しかし、NPCは全員来ている、若しくは全員来ていないかのどちらかだ。そうなると考えていた2つとも外れていることになる。
パッシブスキルだけでなく他のスキルも確認していると新しい可能性が浮かぶ。
NPCの所在地は俺のスキル空間内になっている。だが、そこに繋げるためのスキルが使えるかが分からず全員来ているか全員来ていないかのどちらかだと思っていたのだが、そのスキルは白色だ。ということは使えると考えていい。
NPCは全員来ているのに謎の状態のスキルがある、それはNPCとの関係が不明瞭になったからだ。
NPCの状態は全員不明で敵か味方かが分からない。その原因はNPCが自我を持ったこと。
感情を持っている以上、今までの絆のステータスが無くなり俺に対する感情は変動する。それが確認できてはNPCを物と同じ扱いをしているようで感情を持たせた意味がない。これは直継が考えそうでやりかねないことのメタ読みだ。
今起きている現象の原因がこれだとすると、問題はここからだ。
今は全てのNPCがスキル空間に居て敵か味方か分からない。仮に使えるスキルのNPCを味方と考えたとしてもそれの判別にはかなり時間がかかる。複数体が同じスキルを覚えている場合が多く、誰が敵で味方かが確定するかも怪しい。
それをプレイ中にやるのは他のプレイヤーと進行に大きく差ができて無駄足だった場合に取り返しがつかなくなる。ログアウトした時に持ち出せれば試す価値はあるが、100を超えるスキルを全て覚えるだけでも困難だし更に白、灰色と赤とで分けるのは無理だ。
しかし、あまり時間はかけられない。
NPCが関係する部分は他のプレイヤーよりも俺が大きくアドバンテージを得る部分だ。それを活かして出来ることならUNKNOWNに牽制をしておきたい。それにNPCが自我を持っているのならNPC同士で争わないとも限らない。
プレイヤーがコンテニューできないのならばNPCもそうだと考えるのが妥当で知らないうちに数が減っていてスキルが使えなかったなんて負け方は恥ずかしいにも程がある。
だから確認に行って解決するのは前提として、まだ問題が1つある。
俺がスキル空間内に行っている間は当然ここには誰もいなくなる訳でフィリアが来たら不信を買うということだ。
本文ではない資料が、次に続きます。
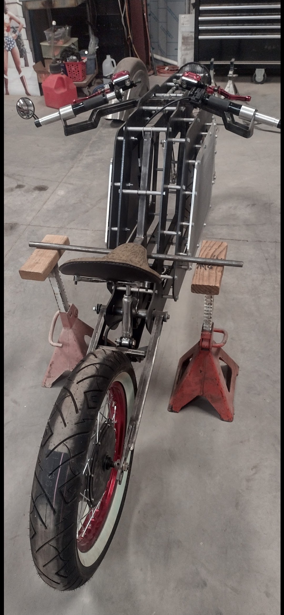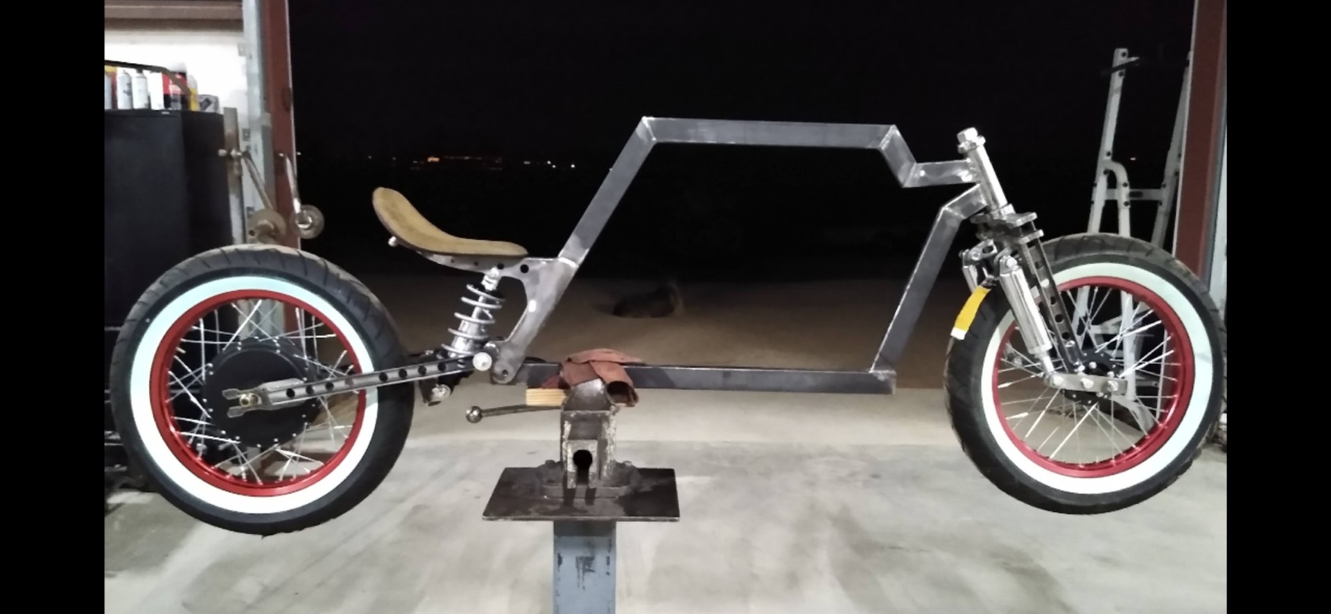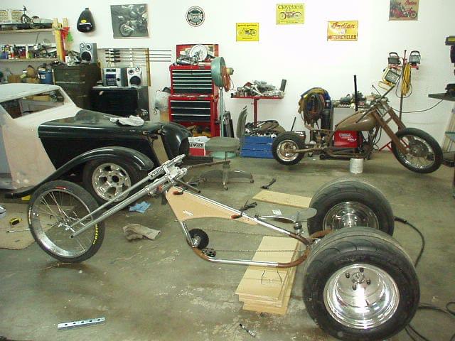I took an early Chevy beam and some old Kawasaki Wheels (a trick I've used many times) and adapted them all to work together. There's way too much to explain here, but this was a really fun build, on a really tight budget!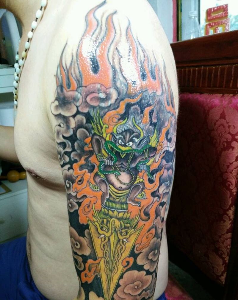 当前位置: 首页 >江苏省苏州市纹身店-苏州景山刺青纹身图案>降魔杆盖旧纹身纹身图片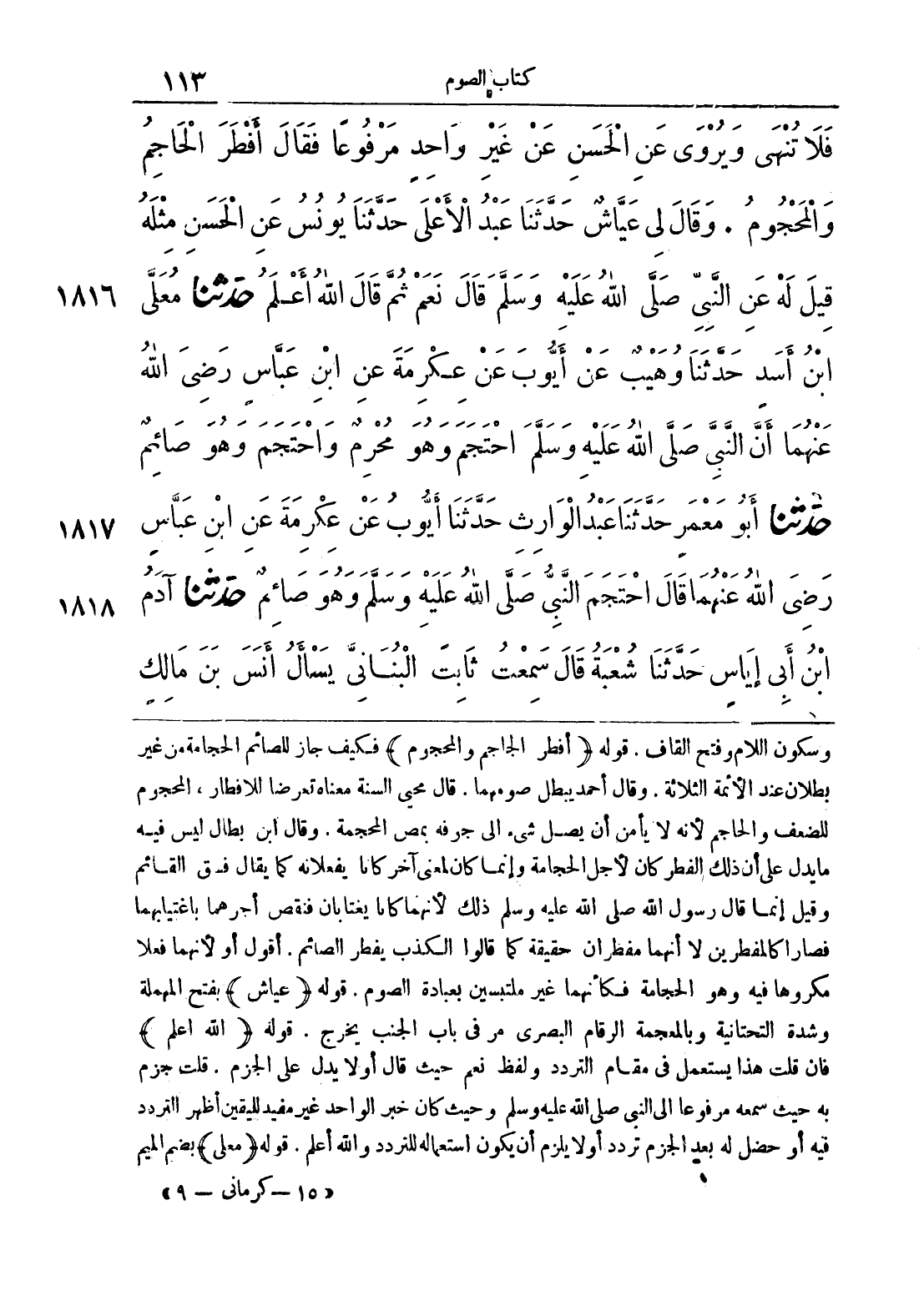 1817 - حَدَّثَنَا أَبُو مَعْمَرٍ حَدَّثَنَا عَبْدُ الْوَارِثِ حَدَّثَنَا أَيُّوبُ عَنْ عِكْرِمَةَ عَنْ ابْنِ عَبَّاسٍ رَضِيَ اللَّهُ عَنْهُمَا قَالَ

来なかったとしても索敵スキルを使われれば俺がこの部屋から居なくなったことがバレる。
それでもNPCに関してはいざという時のために隠しておきたい。
あ~面倒くせぇ。こういった立ち回りを考えるのは好きでもあるが面倒くさくもある。
最悪フィリアにバレた場合は召喚士とでも言って誤魔化すか。召喚獣の様子を見に召喚世界にで行ったと言えばいい。実際スキル空間内に召喚獣はいるしな。
もしそれが通じないなら最悪一戦交えてどうにかする。そうしよう。
そう覚悟を決めてスキル空間内に繋げるスキルを唱える。